System Info: BLAS = 0 SSE3 = 0 AVX = 0 AVX2 = 0 AVX512 = 0 AVX512_VBMI = 0 AVX512_VNNI = 0 FMA = 0 NEON = 0 ARM_FMA = 0 F16C = 0 FP16_VA = 0

how did you build your sd ? some features here should be enabled on any platform (AVX2 on almost all x86 cpus out there)

n00mkrad commented 1 year ago

System Info: BLAS = 0 SSE3 = 0 AVX = 0 AVX2 = 0 AVX512 = 0 AVX512_VBMI = 0 AVX512_VNNI = 0 FMA = 0 NEON = 0 ARM_FMA = 0 F16C = 0 FP16_VA = 0

how did you build your sd ? some features here should be enabled on any platform (AVX2 on almost all x86 cpus out there)
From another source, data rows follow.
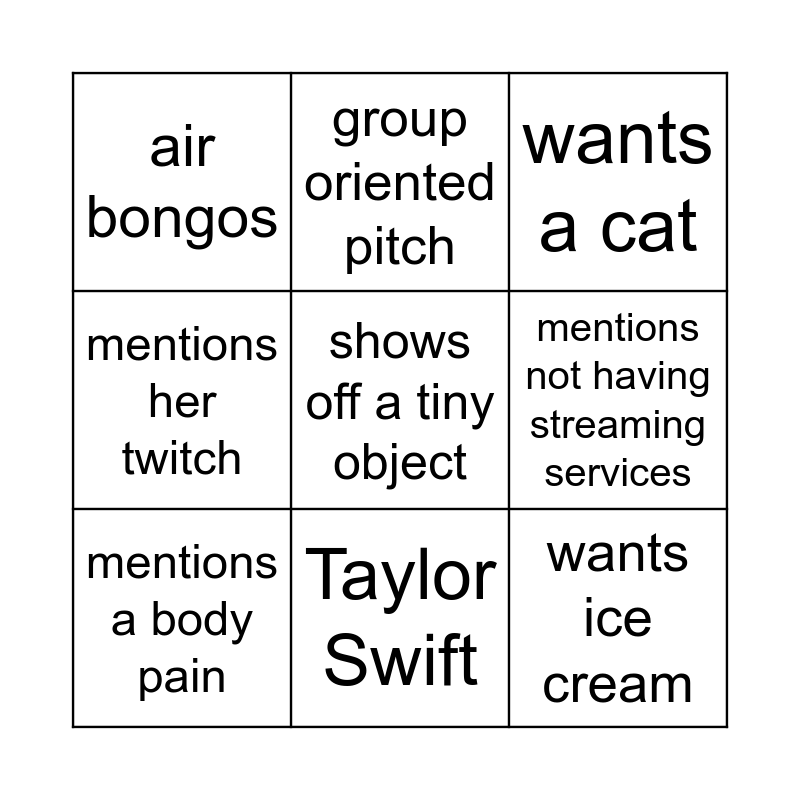 This bingo card has 18 words: “GUUUYS!”, “Brittney has a baby”, wants a cat, air bongos, glazed-eyed food names, mentions her twitch, Lady Bug and Cat Noir, group oriented pitch, Taylor Swift, wants ice cream, uses a voice, shows off a tiny object, talks about her dad, mentions not having streaming services, mentions a body pain, irrational thought interjection, work/student story and “check out my[…]”.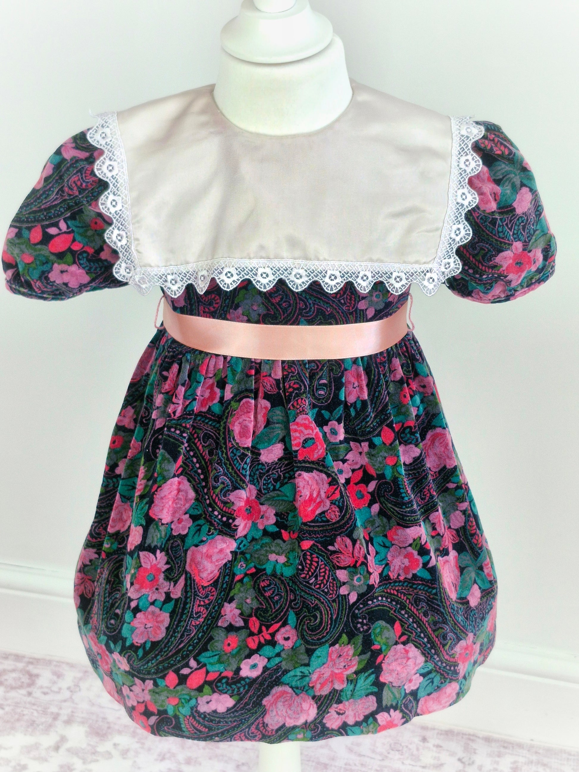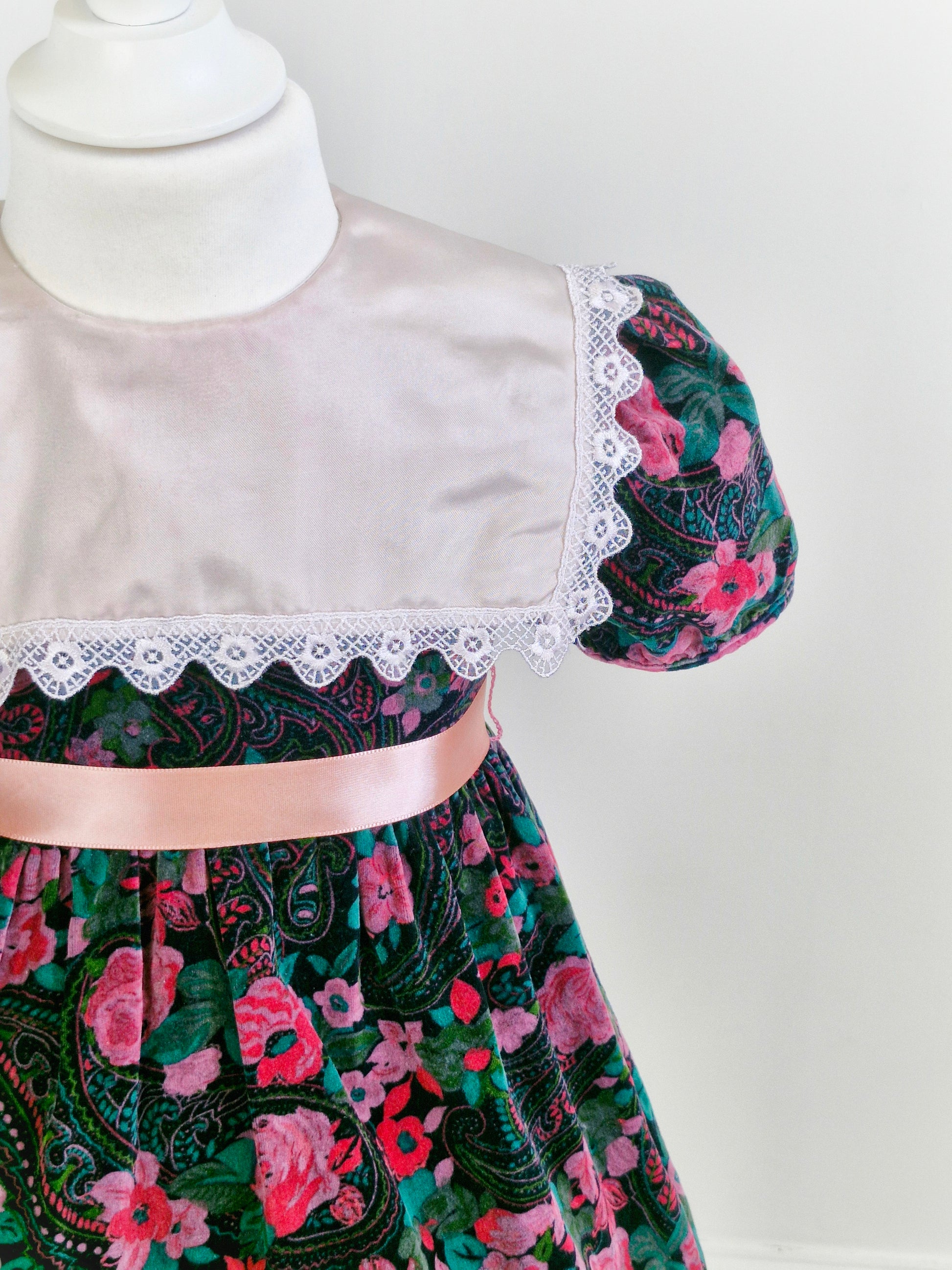 3 years. Black velour floral vintage dress from JoJoe with satin bib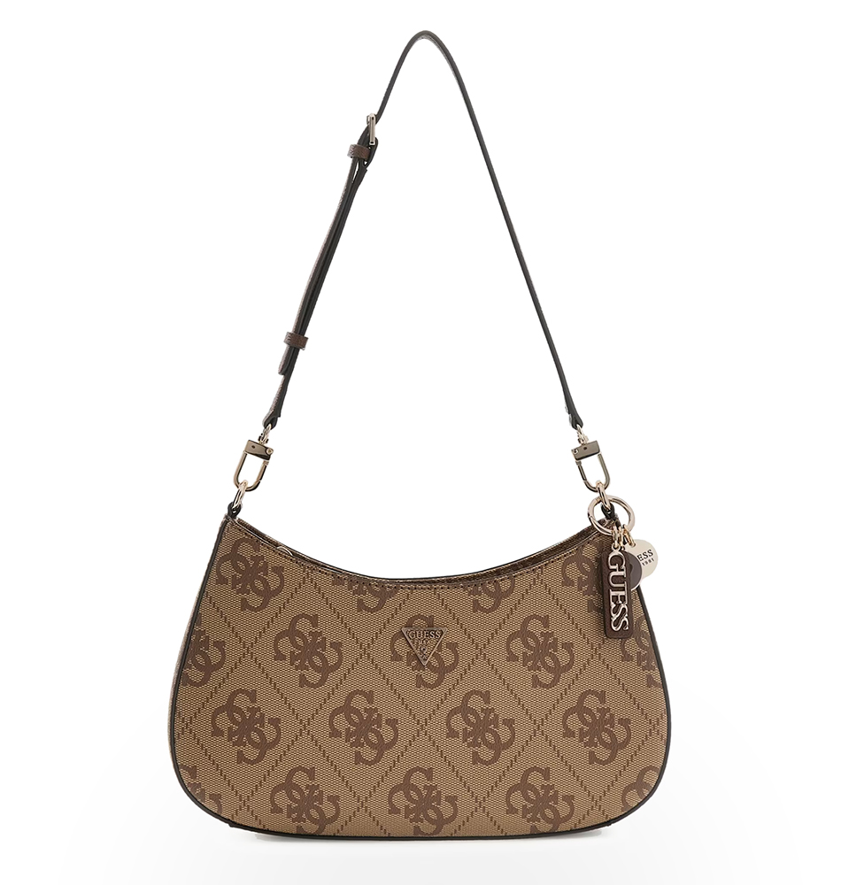 Γυναικεία τσάντα ώμου GUESS Noelle Top Zip HWSO9672180-LGW Καφέ. Αναβαθμίστε το στυλ σας με αυτήν την τσάντα από την νέα συλλογή, η οποία μπορεί να σας εξυπηρετήσει σε όλες τις ώρες.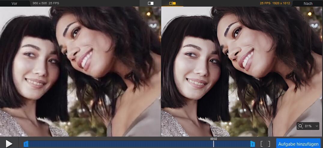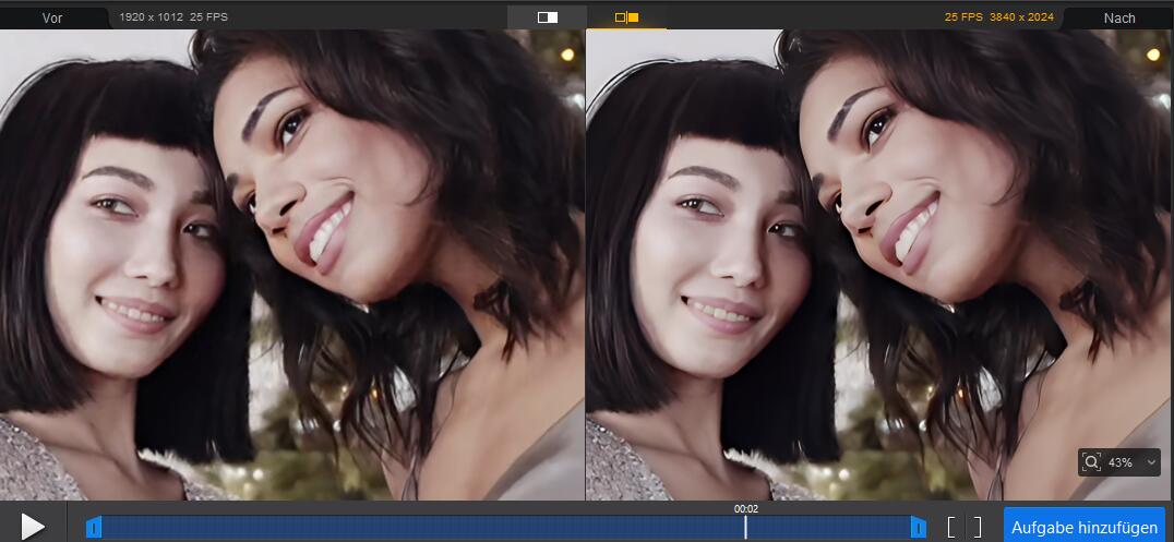 Das Ausgangsmaterial war weich, detailarm und hatte wenig Dynamikumfang. Nach dem Upscaling auf 1080p wirkte das Video deutlich klarer. Hauttexturen, feine Muster und Kanten wurden sichtbar rekonstruiert. Das Rauschen war reduziert, ohne dass das Bild verwaschen wirkte.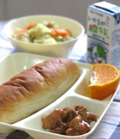 今日の献立は【鶏肉のみそバターソース・洋風煮・デコポン・おさつパン・牛乳】です。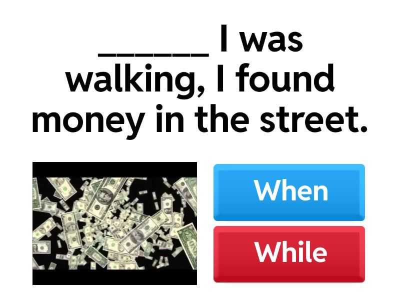 1) ______ I was walking, I found money in the street. a) When b) While 2) They _______ when she arrived.  a) were eating b) was eating c) ate 3) ______ the door bell rang, I was doing my homework. a) When b) While 4) While the teacher __________ , the students shouted.  a) was explain b) was explaining c) were explaining 5) The light went off ______ Sara was watching T.V. a) when b) while 6) ______ he was doing shopping, he lost his credit card. a) When b) While 7) Someone knocked on the door while she ________ to music. a) listening b) listen c) was listening 8) ______ the students were studying, Miss Giselle came in. a) When b) While 9) He was going out when it ________ to rain a) start b) was starting c) started 10) ______ a police officer stopped me, I was driving fast. a) While b) When 11) I was walking in the park ______ an angry dog appeared. a) when b) while 12) Danny broke his leg ______ he was playing football. a) while b) when 13) Homer was taking a shower ______ he answered a call. a) while b) when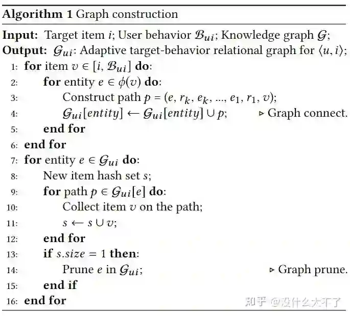 采样方法:从Target Item和用户行为过的Items构成的Root Nodes合集中,分别为每个结点在图中采样K-Hop邻居,根据采样的结点集合从原图中诱导出子图(区别于独立采样,可以建立Target Item与行为过的相关的Item的联系),对于该子图中只有一个邻居的结点进行剪枝(这些结点很可能是噪声)。

Installed cmake and ran the commands from the readme. I'm trying it again right now after installing CUDA and using cmake .. -DGGML_CUBLAS=ON.

Green-Sky commented 1 year ago

also, your number of threads seems excessive, try reducing that to match the physical core count.

n00mkrad commented 1 year ago

also, your number of threads seems excessive, try reducing that to match the physical core count.

The default only gave me around 60% utilization. But yeah I think 32 is too much. Didn't impact performance either way though.

n00mkrad commented 1 year ago

My compile log:

MSBuild version 17.6.3+07e294721 for .NET Framework

  1>Checking Build System
  Building Custom Rule stable-diffusion.cpp/ggml/src/CMakeLists.txt
  Compiling CUDA source file ..\..\..\ggml\src\ggml-cuda.cu...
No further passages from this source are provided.